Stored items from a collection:
■ ■ ■ ■ ■
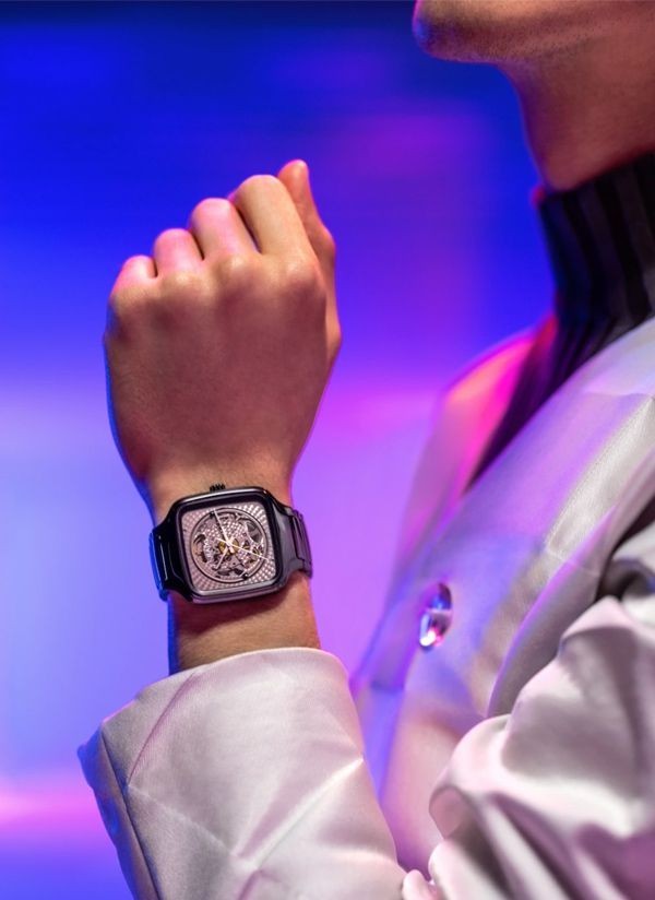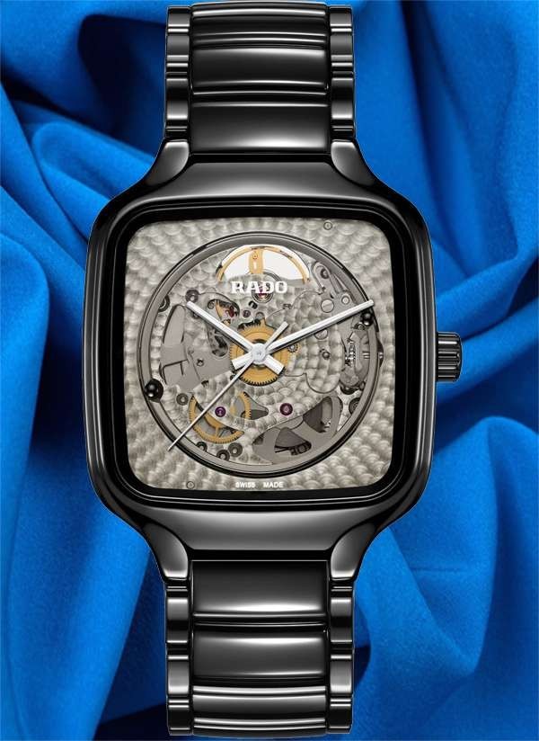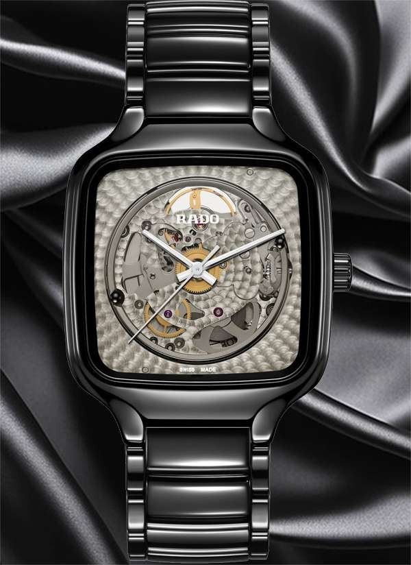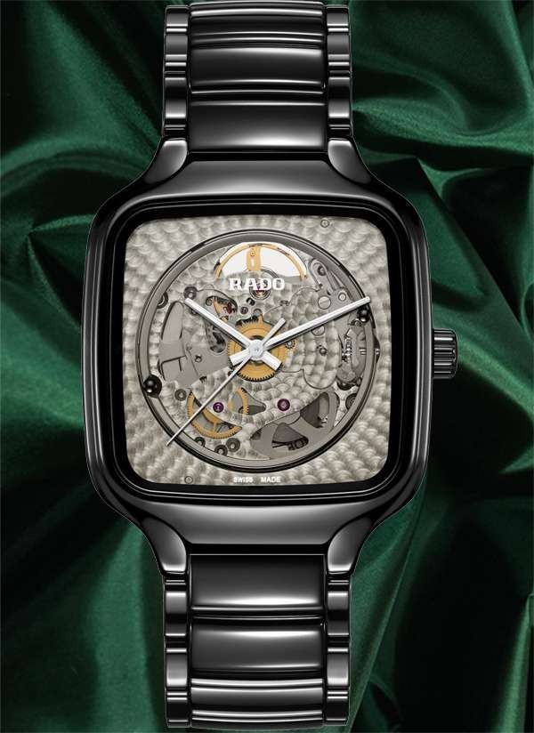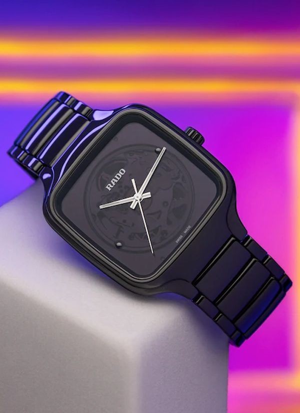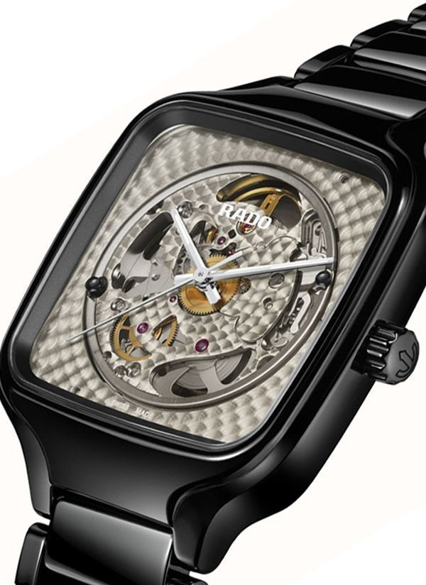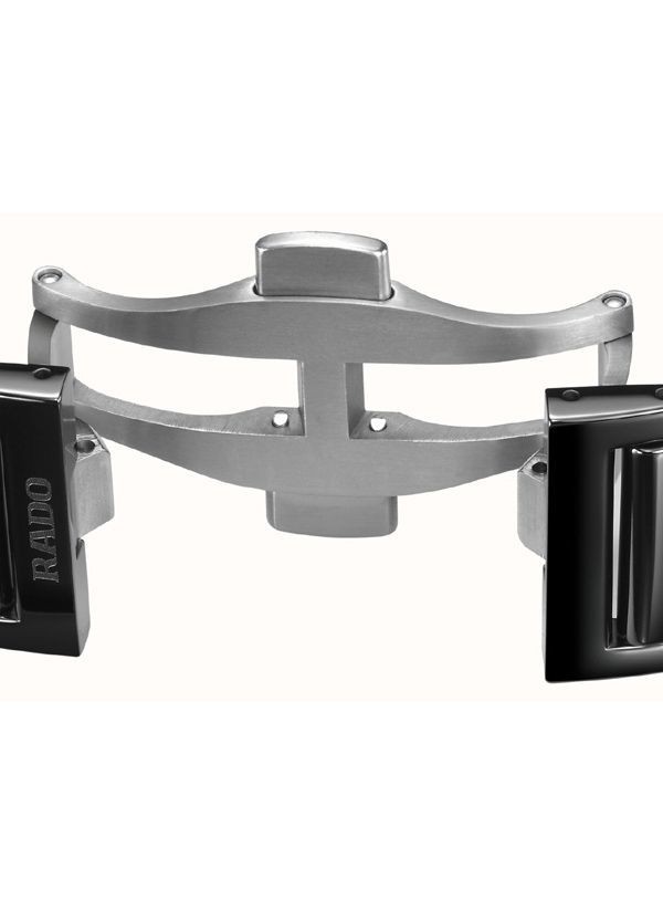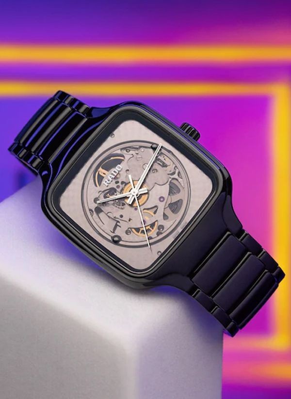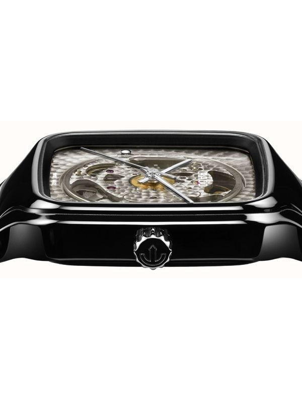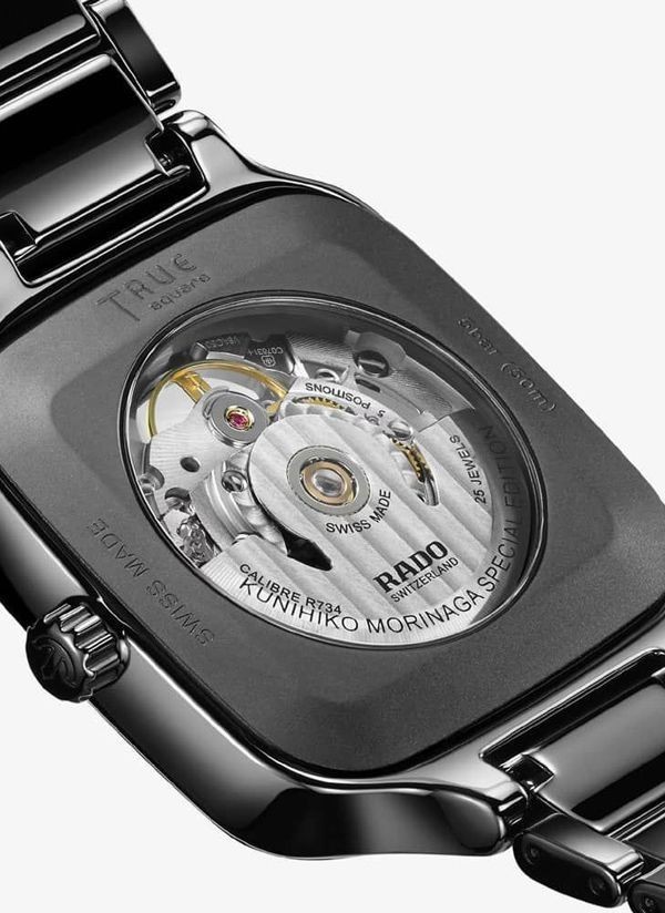Doświadcz idealnego połączenia rzemiosła i precyzji ucieleśnionego w zegarku Rado True Square x Kunihiko Morinaga, stworzonym we współpracy z wizjonerskim japońskim projektantem mody, Kunihiko Morinaga. Cechą charakterystyczną tego niezwykłego zegarka – oprócz antymagnetycznej sprężyny włosowej Nivachron™ i 80-godzinnej rezerwy chodu – jest urzekający automatyczny kaliber Rado R734. Podobnie jak uchwyt mechanizmu, posiada on okrągłe zdobienia. Wykonana z czarnej polerowanej ceramiki high-tech koperta o szerokości 38 mm i koronka emanują eleganckim i nowoczesnym urokiem. Płaskie szkło szafirowe z powłoką antyrefleksyjną po obu stronach zapewnia wyjątkową przejrzystość. Przezroczysta tarcza z efektem fotochromowym sprawia, że mechanizm jest widoczny lub niewidoczny. Pod wpływem światła słonecznego (promieni UV) tarcza True Square ciemnieje. Jednak w miarę jak światło słoneczne zmniejsza się, odcień tarczy zmienia się w szary i ostatecznie staje się przezroczysty. Wskazówki w kolorze srebra podkreślone białą licówką i białą powłoką Super-LumiNova® zapewniają doskonałą widoczność, dodając zegarkowi subtelnej elegancji. Całości dopełnia polerowana, czarna bransoleta z ceramiki high-tech, oferująca zarówno wygodę, jak i trwałość.
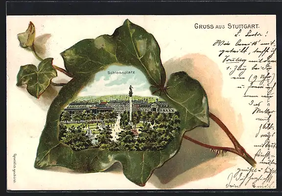 Passepartout-Lithographie Stuttgart, Laubblatt und Schlossplatz
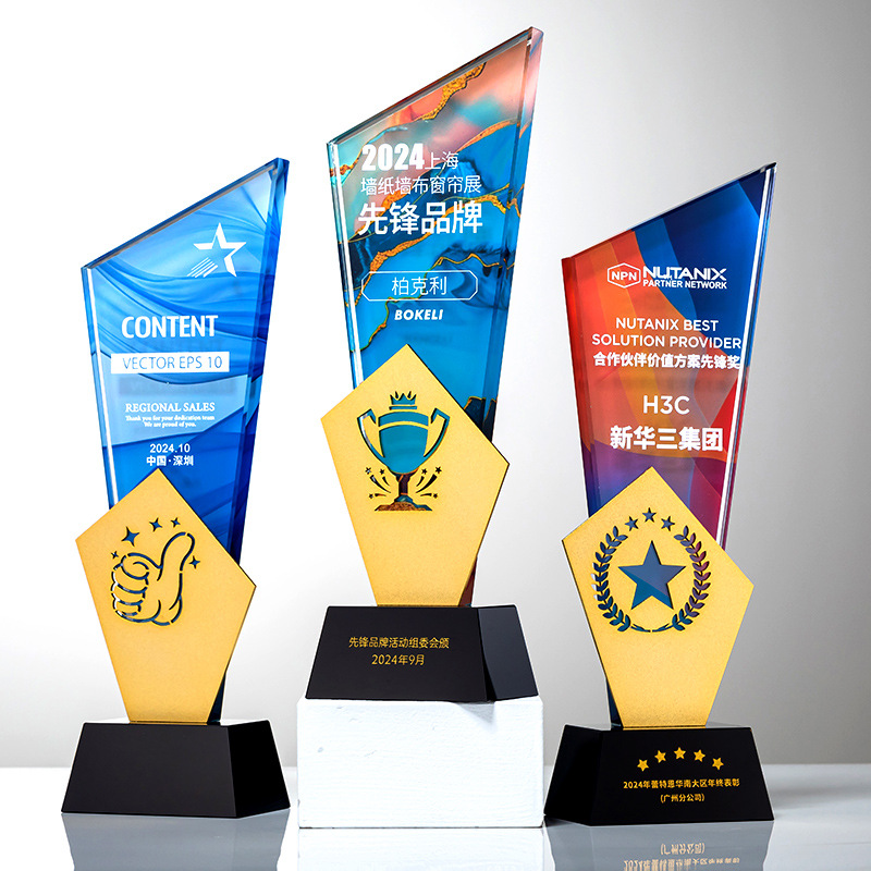 カラフルなカラープリントブレードトロフィー記念コンペティションハイエンド年次総会優秀従業員協力者賞無料デザイン
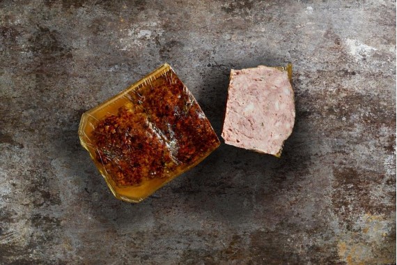 Décor : coiffe de porc, sucre caramélisé, gelée (eau, gélatine bovine et porcine, sel, dextrose, épices et gélifiant E407)
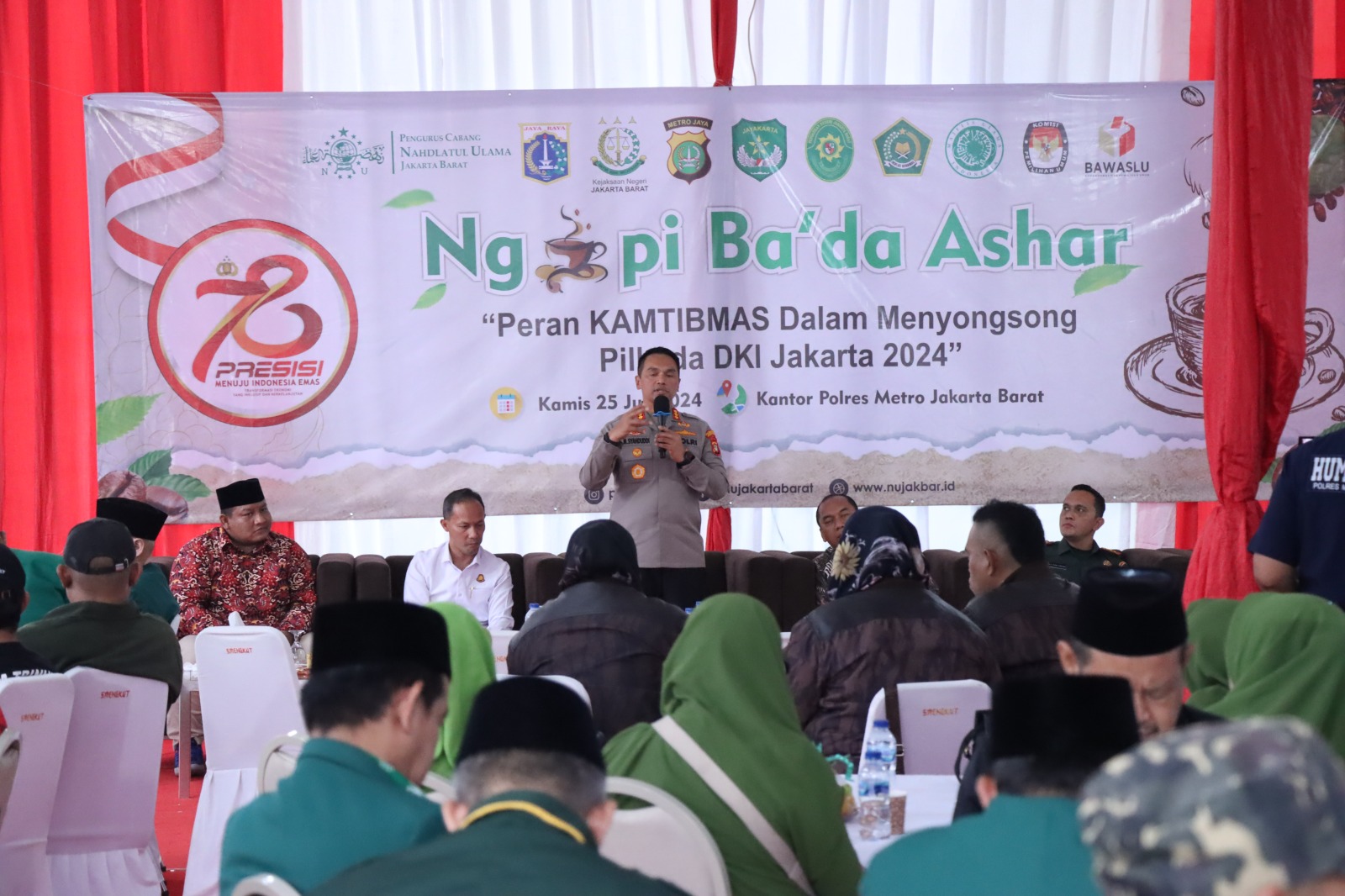 Jakarta Barat – Polres Metro Jakarta Barat bersama dengan Forkopimko dan pengurus cabang Nadhlatul Ulama (NU) Jakarta Barat serta berbagai elemen masyarakat menyelenggarakan kegiatan Ngopi Bada Ashar, Kamis, 25/7/2024.
■ ■ ■ ■ ■
__EXERCISE__
Return exactly the lines from the one with "カラフルなカラープリントブレ" through the last line of the entries above, both ends included. No pictures may appear in the copy.

__EXPECTED ANSWER__
 カラフルなカラープリントブレードトロフィー記念コンペティションハイエンド年次総会優秀従業員協力者賞無料デザイン
 Décor : coiffe de porc, sucre caramélisé, gelée (eau, gélatine bovine et porcine, sel, dextrose, épices et gélifiant E407)
 Jakarta Barat – Polres Metro Jakarta Barat bersama dengan Forkopimko dan pengurus cabang Nadhlatul Ulama (NU) Jakarta Barat serta berbagai elemen masyarakat menyelenggarakan kegiatan Ngopi Bada Ashar, Kamis, 25/7/2024.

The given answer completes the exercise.